King v. Associates Commercial Corp.

744 S.W.2d 209, 1987 Tex. App. LEXIS 8843, 1987 WL 1673
CourtCourt of Appeals of Texas
DecidedNovember 17, 1987
Docket9543
StatusPublished
Cited by25 cases

This text of 744 S.W.2d 209 (King v. Associates Commercial Corp.) is published on Counsel Stack Legal Research, covering Court of Appeals of Texas primary law. Counsel Stack provides free access to over 12 million legal documents including statutes, case law, regulations, and constitutions.

Bluebook
King v. Associates Commercial Corp., 744 S.W.2d 209, 1987 Tex. App. LEXIS 8843, 1987 WL 1673 (Tex. Ct. App. 1987).

Opinions

PER CURIAM.

Joe King and his wife appeal the judgment of the trial court in a suit concerning the repossession of a truck. Associates Commercial Corporation, appellee, brings a cross-appeal. Because there is no evidence to support Associates’ liability, we reverse the judgment of the trial court.
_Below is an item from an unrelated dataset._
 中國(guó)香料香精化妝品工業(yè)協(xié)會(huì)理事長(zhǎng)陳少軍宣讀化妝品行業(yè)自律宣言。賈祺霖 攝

On July 3, 1982, the Kings purchased a 1982 Freightliner truck from Brodnax Truck and Trailer Company in Tyler. They made a down payment of $22,000.00; the remainder of the sale price was financed through a security agreement with Brod-nax. The security agreement contained an assignment of Brodnax’s rights, title and interest to Associates Commercial Corporation. The first payment was due August 3, 1982. The Kings made only one payment, which they made on September 4, 1982.

Beginning on August 10, 1982, Associates, or others acting for them, made numerous attempts by telephone to contact the Kings concerning payments past due on the truck. In the latter part of October 1982, the Kings received a visit from Charles Beasley, district manager for Associates. Joe King testified that he told Beasley that he had a job for the truck and did not want to relinquish the truck; he wanted to work and pay for it. Beasley testified that King told him that he was out of work and had no money and that he would burn the truck before giving it back to Associates.
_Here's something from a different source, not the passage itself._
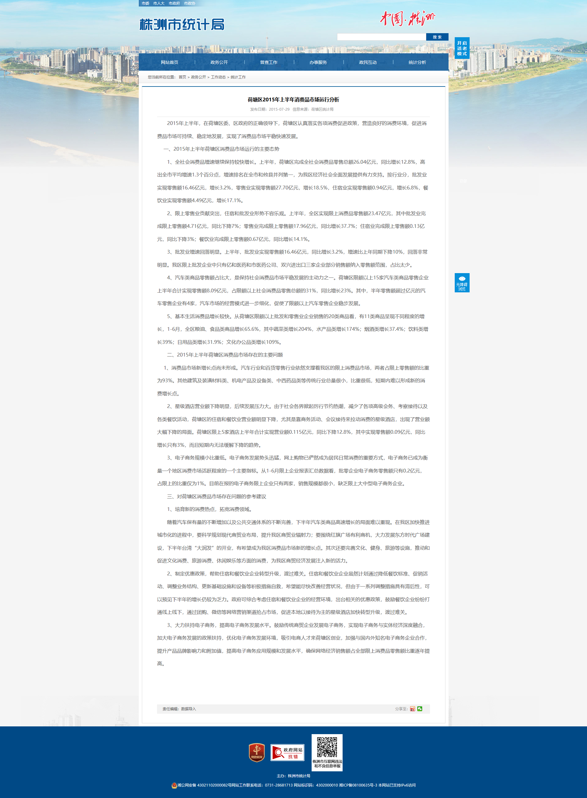 2015年上半年,在荷塘区委、区政府的正确领导下,荷塘区认真落实各项消费促进政策,营造良好的消费环境,促进消费品市场可持续、稳定地发展,实现了消费品市场平稳快速发展。 一、2015年上半年荷塘区消费品市场运行的主要态势 1、全社会消费品增速继续保持较快增长。上半年,荷塘区完成全社会消费品零售总额26.04亿元,同比增长12.8%,高出全市平均增速1.3个百分点,增速排名在全市和攸县并列第一,为我区经济社会全面发展提供有力支持。按行业分,批发业实现零售额16.46亿元,增长3.2%,零售业实现零售额27.70亿元,增长18.5%,住宿业实现零售额0.94亿元,增长6.8%,餐饮业实现零售额4.49亿元,增长17.1%。 2、限上零售业贡献突出,住宿和批发业形势不容乐观。上半年,全区实现限上消费品零售额23.47亿元,其中批发业完成限上零售额4.71亿元,同比下降7%;零售业完成限上零售额17.96亿元,同比增长37.7%;住宿业完成限上零售额0.13亿元,同比下降3%;餐饮业完成限上零售额0.67亿元,同比增长14.1%。3、批发业增速回落明显。上半年,批发业实现零售额16.46亿元,同比增长3.2%,增速比上年同期下降10%,回落非常明显。我区限上批发企业中只有亿和医药和市医药公司、双兴进出口三家企业部分销售额纳入零售额范围,占比太少。4、汽车类商品零售额占比大,是保持社会消费品市场平稳发展的主动力之一。荷塘区限额以上15家汽车类商品零售企业上半年合计实现零售额8.09亿元,占限额以上社会消费品零售总额的31%,同比增长23%。其中,半年零售额超过亿元的汽车零售企业有4家,汽车市场的经营模式进一步细化,促使了限额以上汽车零售企业稳步发展。5、基本生活消费品增长较快。从荷塘区限额以上批发和零售业企业销售的20类商品看,有11类商品呈现不同程度的增长,1-6月,全区粮油、食品类商品增长65.6%,其中蔬菜类增长204%,水产品类增长174%;烟酒类增长37.4%;饮料类增长39%;日用品类增长31.9%;文化办公品类增长109%。二、2015年上半年荷塘区消费品市场存在的主要问题 1、消费品市场新增长点尚未形成。汽车行业和百货零售行业依然支撑着我区的限上消费品市场,两者占限上零售额的比重为93%。其他建筑及装潢材料类、机电产品及设备类、中西药品类等传统行业总量很小,比重很低,短期内难以形成新的消费增长点。2、星级酒店营业额下降明显,后续发展压力大。由于社会各界掀起厉行节约热潮,减少了各项高级会务、考察接待以及各类餐饮活动,荷塘区的住宿和餐饮业营业额明显下降,尤其是靠商务活动、会议接待来拉动消费的星级酒店,出现了营业额大幅下降的局面。荷塘区限上5家酒店上半年合计实现营业额0.115亿元,同比下降12.8%,其中实现零售额0.09亿元,同比增长只有3%,而且短期内无法缓解下降的趋势。3、电子商务规模小比重低。电子商务发展势头迅猛,网上购物已俨然成为居民日常消费的重要方式,电子商务已成为衡量一个地区消费市场活跃程度的一个主要指标。从1-6月限上企业报表汇总数据看,批零企业电子商务零售额只有0.2亿元,占限上的比重仅为1%。目前在报的电子商务限上企业只有两家,销售规模都很小,缺乏限上大中型电子商务企业。三、对荷塘区消费品市场存在问题的参考建议1、培育新的消费热点,拓宽消费领域。随着汽车保有量的不断增加以及公共交通体系的不断完善,下半年汽车类商品高速增长的局面难以重现。在我区加快推进城市化的进程中,要科学规划现代商贸业布局,提升我区商贸业辐射力;要围绕红旗广场有利商机,大力发展东方时代广场建设,下半年台湾“大润发”的开业,有希望成为我区消费品市场新的增长点。其次还要完善文化、健身、旅游等设施,推动和促进文化消费、旅游消费、休闲娱乐等方面的消费,为我区商贸经济发展注入新的活力。2、制定优惠政策,帮助住宿和餐饮业企业转型升级,渡过难关。住宿和餐饮业企业虽然计划通过降低餐饮标准、促销活动、调整业务结构、更新基础设施和设备等积极措施自救,希望能尽快改善经营状况,但由于一系列调整措施具有滞后性,可以预见下半年的增长仍较为乏力。政府可综合考虑住宿和餐饮业企业的经营环境,出台相关的优惠政策,鼓励餐饮企业纷纷打通线上线下,通过团购、微信等网络营销渠道抢占市场,促进本地以接待为主的星级酒店加快转型升级,渡过难关。3、大力扶持电子商务,提高电子商务发展水平。鼓励传统商贸企业发展电子商务,实现电子商务与实体经济深度融合,加大电子商务发展的政策扶持,优化电子商务发展环境,吸引电商人才来荷塘区创业,加强与国内外知名电子商务企业合作,提升产品品牌影响力和附加值,提高电子商务应用规模和发展水平,确保网络经济销售额占全部限上消费品零售额比重逐年提高。

In November a man who identified himself as Tommy Ponder telephoned Joe King, offering him a job in San Antonio. Ponder told King that he would arrange for him to stay at a motel in San Antonio. The telephone number given by Ponder was the same as the office telephone number of Mando Romano. Bexar Recovery Bureau, the repossession agency hired by Associates to repossess the truck from the Kings, consisted of Romano and one other person.

The Kings drove the truck to San Antonio, arriving on November 22, 1982. They went to the previously designated Motel 6, where a room had been prepaid for them. Later that evening, a man came to their room, saying that they had forgotten their television key, although the Kings already had their key. He told King to park the truck in front of the motel. King refused to do so.

Deborah King woke up the next morning about five, looked out the window, and noticed that the truck was gone. She immediately woke her husband and told him. They then noticed that the door to their motel room, which opened in, had been tied to the outside railing with a rope. Joe King tried to force the door open so that he could cut the rope with his pocketknife. His wife was terrified, thinking the people who had done it might still be outside. After a short time, Joe King opened the door enough to cut the rope.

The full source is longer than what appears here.